++++ Exercise material ++++

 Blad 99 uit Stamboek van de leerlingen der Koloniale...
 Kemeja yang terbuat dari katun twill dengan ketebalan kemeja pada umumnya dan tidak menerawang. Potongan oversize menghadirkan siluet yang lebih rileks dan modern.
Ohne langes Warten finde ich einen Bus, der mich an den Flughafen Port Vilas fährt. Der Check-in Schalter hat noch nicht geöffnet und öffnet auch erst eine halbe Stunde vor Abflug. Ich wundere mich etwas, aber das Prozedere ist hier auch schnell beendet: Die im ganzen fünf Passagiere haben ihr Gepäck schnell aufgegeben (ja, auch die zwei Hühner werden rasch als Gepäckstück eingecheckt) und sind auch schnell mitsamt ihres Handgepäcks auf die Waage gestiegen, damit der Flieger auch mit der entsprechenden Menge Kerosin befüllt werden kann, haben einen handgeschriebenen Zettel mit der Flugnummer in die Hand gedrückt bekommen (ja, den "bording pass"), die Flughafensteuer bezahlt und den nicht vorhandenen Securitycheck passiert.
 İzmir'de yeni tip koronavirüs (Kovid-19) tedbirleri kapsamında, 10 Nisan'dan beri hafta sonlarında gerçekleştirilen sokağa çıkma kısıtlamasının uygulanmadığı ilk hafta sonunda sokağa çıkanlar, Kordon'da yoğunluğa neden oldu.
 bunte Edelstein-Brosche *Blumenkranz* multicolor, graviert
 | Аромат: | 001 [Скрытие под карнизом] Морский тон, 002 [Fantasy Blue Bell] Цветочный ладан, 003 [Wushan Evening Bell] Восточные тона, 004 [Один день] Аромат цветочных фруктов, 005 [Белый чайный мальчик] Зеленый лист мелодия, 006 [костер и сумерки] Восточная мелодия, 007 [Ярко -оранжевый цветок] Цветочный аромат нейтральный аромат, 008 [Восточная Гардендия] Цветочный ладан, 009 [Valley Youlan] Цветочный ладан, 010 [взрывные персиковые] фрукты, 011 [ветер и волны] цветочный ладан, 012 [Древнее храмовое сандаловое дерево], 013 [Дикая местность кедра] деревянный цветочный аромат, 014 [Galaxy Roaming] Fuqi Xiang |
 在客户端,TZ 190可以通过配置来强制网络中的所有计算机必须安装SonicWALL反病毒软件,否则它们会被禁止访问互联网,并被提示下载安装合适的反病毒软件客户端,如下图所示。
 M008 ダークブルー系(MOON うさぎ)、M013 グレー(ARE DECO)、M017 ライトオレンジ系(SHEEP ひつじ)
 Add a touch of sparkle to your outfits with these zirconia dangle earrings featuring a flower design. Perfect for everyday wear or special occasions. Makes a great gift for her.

++++
++++ Exercise material ++++

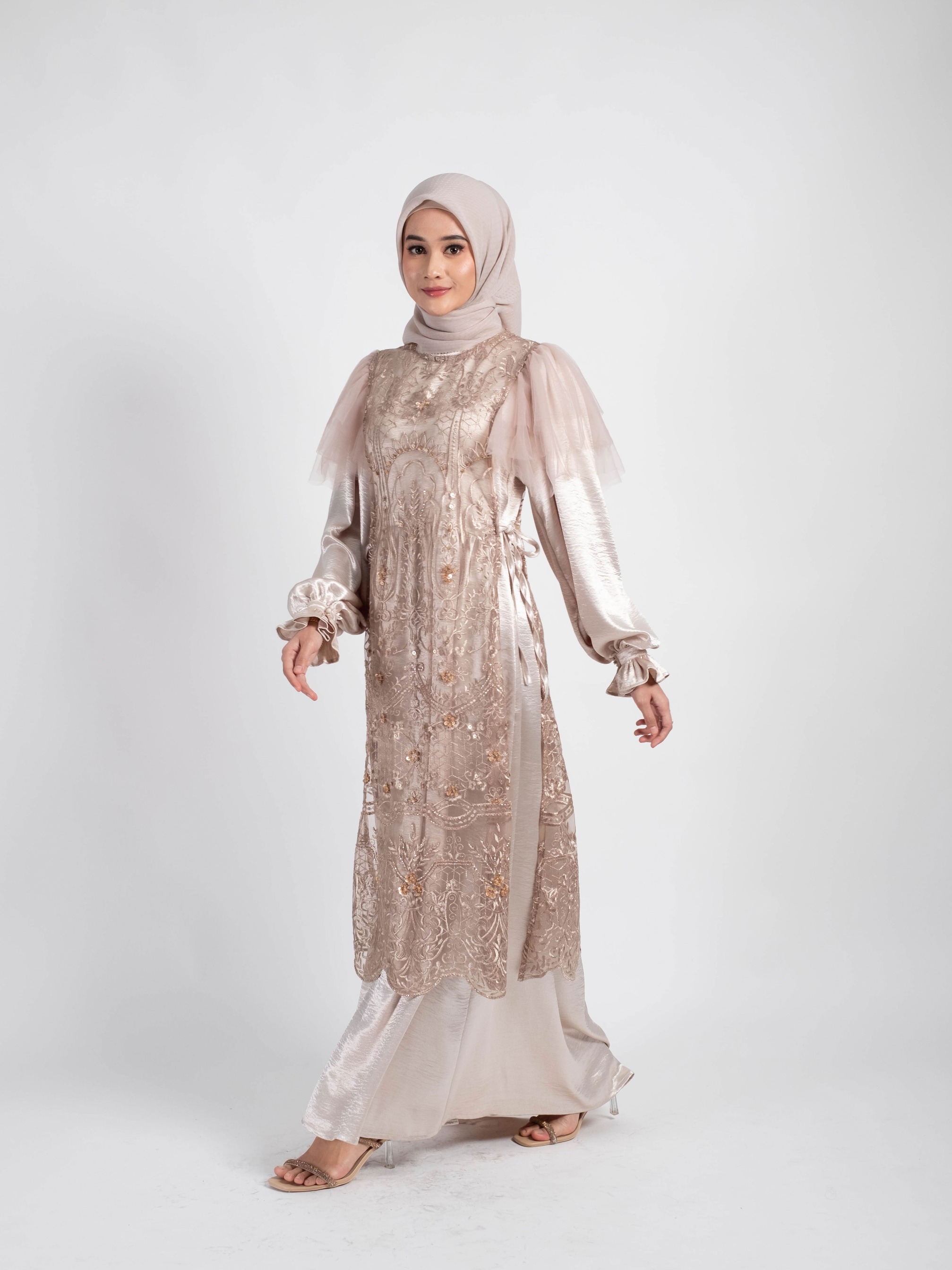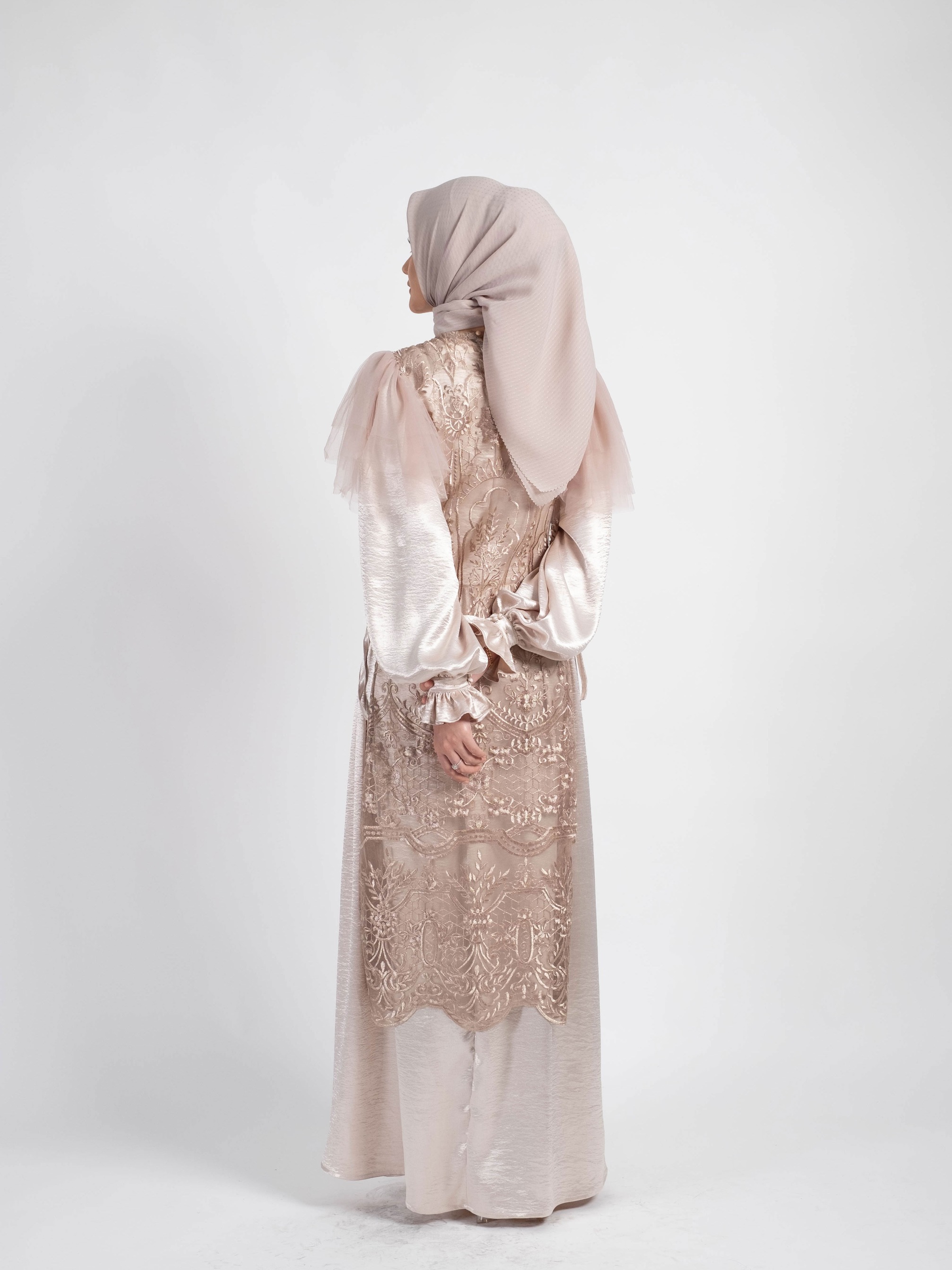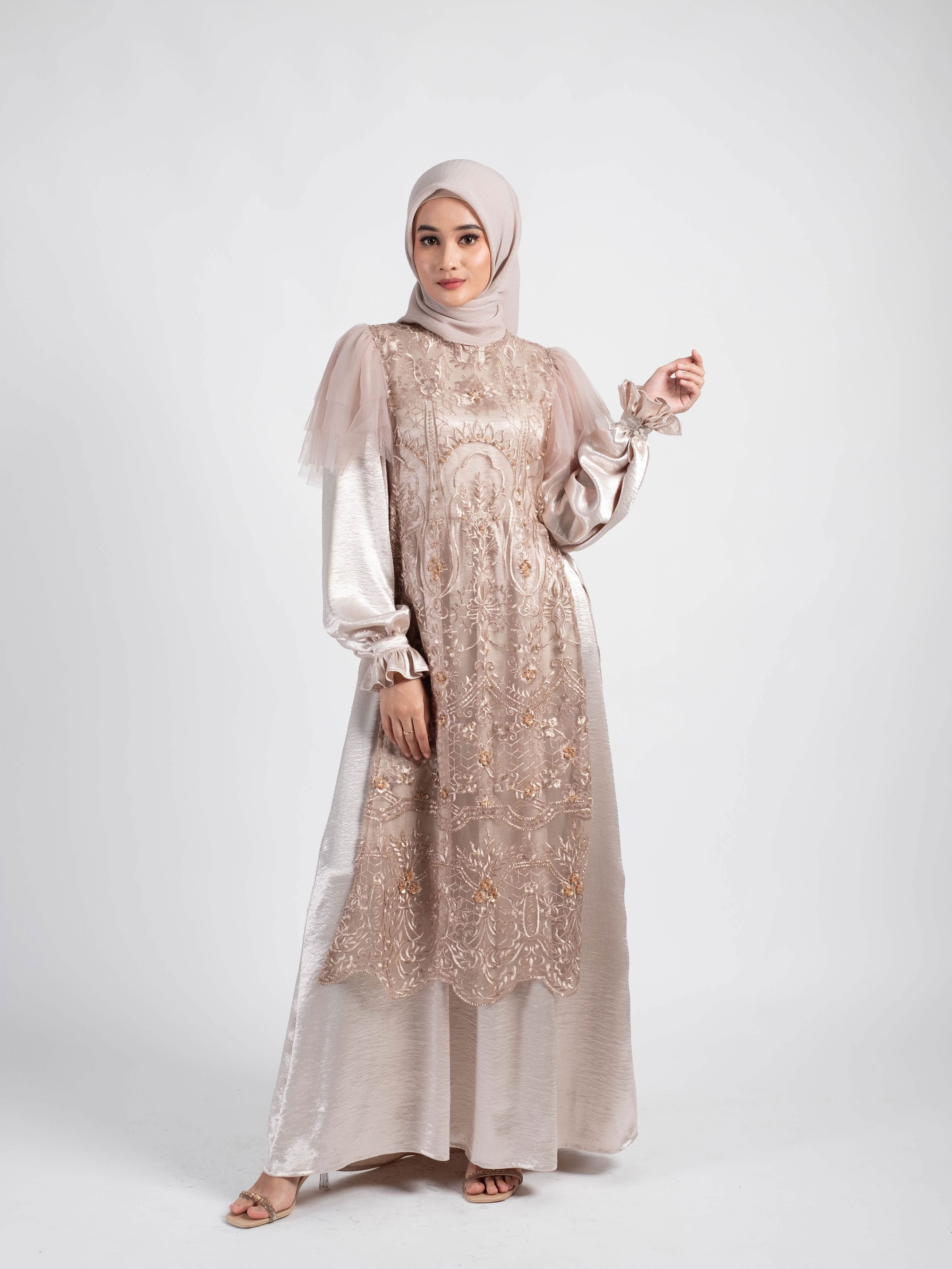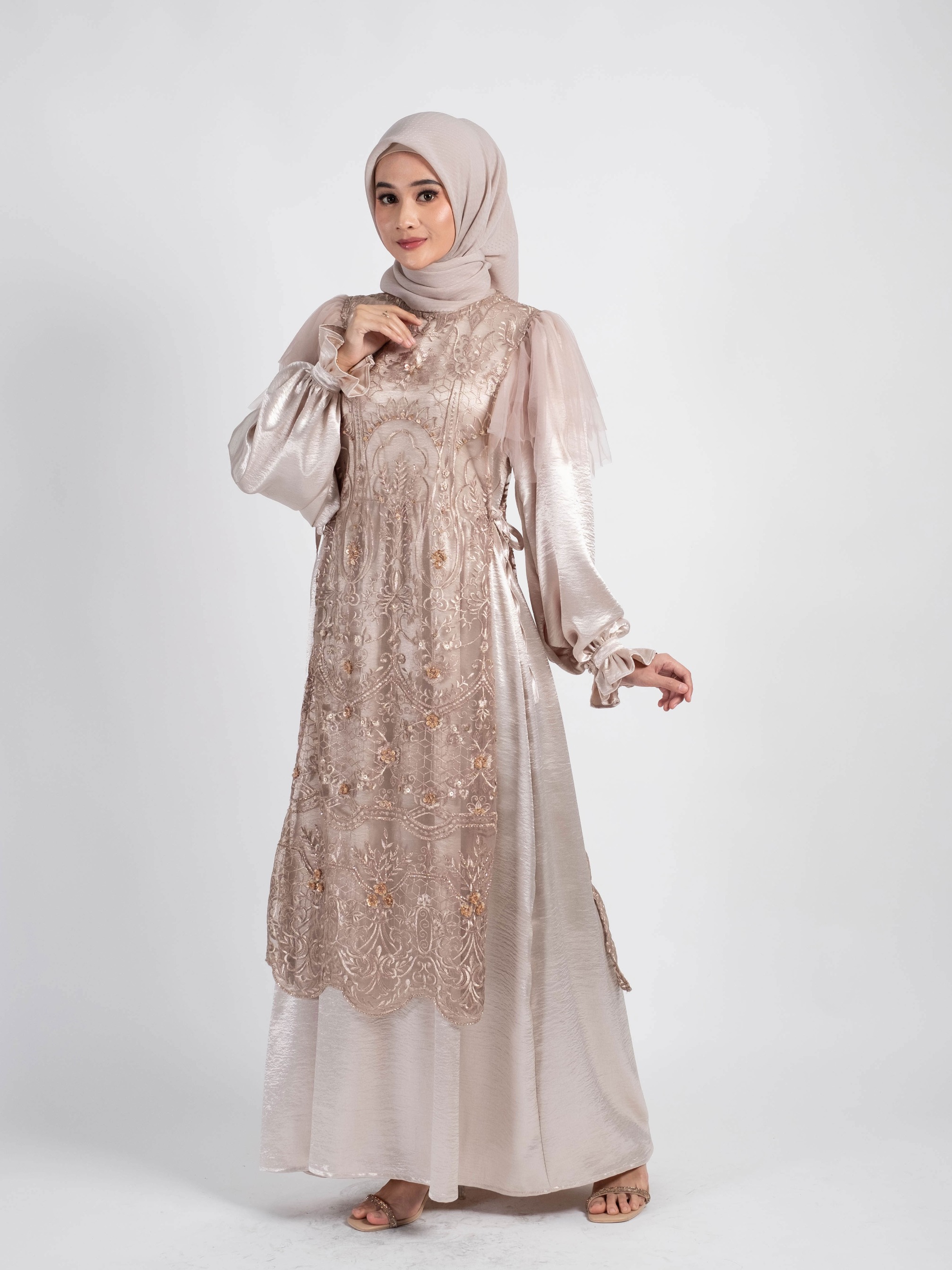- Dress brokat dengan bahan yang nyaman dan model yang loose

++++

-- Work to be completed --
Of the entries listed above, reproduce only the lines starting at the line containing "Blad 99 uit" and ending at the line containing "Add a touch". Include both, exactly as they stand.

-- Output below --
 Blad 99 uit Stamboek van de leerlingen der Koloniale...
 Kemeja yang terbuat dari katun twill dengan ketebalan kemeja pada umumnya dan tidak menerawang. Potongan oversize menghadirkan siluet yang lebih rileks dan modern.
Ohne langes Warten finde ich einen Bus, der mich an den Flughafen Port Vilas fährt. Der Check-in Schalter hat noch nicht geöffnet und öffnet auch erst eine halbe Stunde vor Abflug. Ich wundere mich etwas, aber das Prozedere ist hier auch schnell beendet: Die im ganzen fünf Passagiere haben ihr Gepäck schnell aufgegeben (ja, auch die zwei Hühner werden rasch als Gepäckstück eingecheckt) und sind auch schnell mitsamt ihres Handgepäcks auf die Waage gestiegen, damit der Flieger auch mit der entsprechenden Menge Kerosin befüllt werden kann, haben einen handgeschriebenen Zettel mit der Flugnummer in die Hand gedrückt bekommen (ja, den "bording pass"), die Flughafensteuer bezahlt und den nicht vorhandenen Securitycheck passiert.
 İzmir'de yeni tip koronavirüs (Kovid-19) tedbirleri kapsamında, 10 Nisan'dan beri hafta sonlarında gerçekleştirilen sokağa çıkma kısıtlamasının uygulanmadığı ilk hafta sonunda sokağa çıkanlar, Kordon'da yoğunluğa neden oldu.
 bunte Edelstein-Brosche *Blumenkranz* multicolor, graviert
 | Аромат: | 001 [Скрытие под карнизом] Морский тон, 002 [Fantasy Blue Bell] Цветочный ладан, 003 [Wushan Evening Bell] Восточные тона, 004 [Один день] Аромат цветочных фруктов, 005 [Белый чайный мальчик] Зеленый лист мелодия, 006 [костер и сумерки] Восточная мелодия, 007 [Ярко -оранжевый цветок] Цветочный аромат нейтральный аромат, 008 [Восточная Гардендия] Цветочный ладан, 009 [Valley Youlan] Цветочный ладан, 010 [взрывные персиковые] фрукты, 011 [ветер и волны] цветочный ладан, 012 [Древнее храмовое сандаловое дерево], 013 [Дикая местность кедра] деревянный цветочный аромат, 014 [Galaxy Roaming] Fuqi Xiang |
 在客户端,TZ 190可以通过配置来强制网络中的所有计算机必须安装SonicWALL反病毒软件,否则它们会被禁止访问互联网,并被提示下载安装合适的反病毒软件客户端,如下图所示。
 M008 ダークブルー系(MOON うさぎ)、M013 グレー(ARE DECO)、M017 ライトオレンジ系(SHEEP ひつじ)
 Add a touch of sparkle to your outfits with these zirconia dangle earrings featuring a flower design. Perfect for everyday wear or special occasions. Makes a great gift for her.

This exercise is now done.